The rest of the memo is, by itself, proof that Fredman misrepresents his own actions relating to torture.

Let’s review the timing of all this. Fredman made the alleged statement in Gitmo in October 2002. Less than two months later, Gul Rahman would die in the CIA’s Salt Pit prison after having been subjected to water dousing — which was not then an approved torture technique — and left to freeze to death. So you can understand why Fredman would want to claim, after the fact, he didn’t have such a cavalier attitude about detainees tortured to death, and also that he warned about the consequences of killing a detainee.

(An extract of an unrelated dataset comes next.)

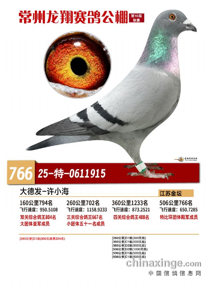 常州龙翔:2025年决赛获奖鸽靓照 766-770名

When Fredman wrote his memo to SASC in 2008, the Committee and the public had not seen most of the torture memos, including the Bybee memo that approved waterboarding but not water dousing, much less the underlying backup documents.

So when Fredman asserted this in his memo …

In light of the importance of the issue, CIA sought an authoritative statement of Federal law from the Department of Justice, whose Office of Legal Counsel provides the legal advice which is binding upon all Federal departments, agencies, and employees. We did so specifically to avoid having the anti-torture statute misinterpreted as in any way subject to an individual’s particular perception.

… it left the utterly misleading impression that the CIA followed the Bybee memo, contrary to what the CIA Inspector General had already shown (and may have also been intended to rebut the paraphrase of Fredman stating that “The CIA makes the call internally on most of the types of techniques found in [a DOD list of interrogation methods], and this discussion”).

Since then, we’ve discovered several things about Fredman’s role in torture approvals that prove his claims are false.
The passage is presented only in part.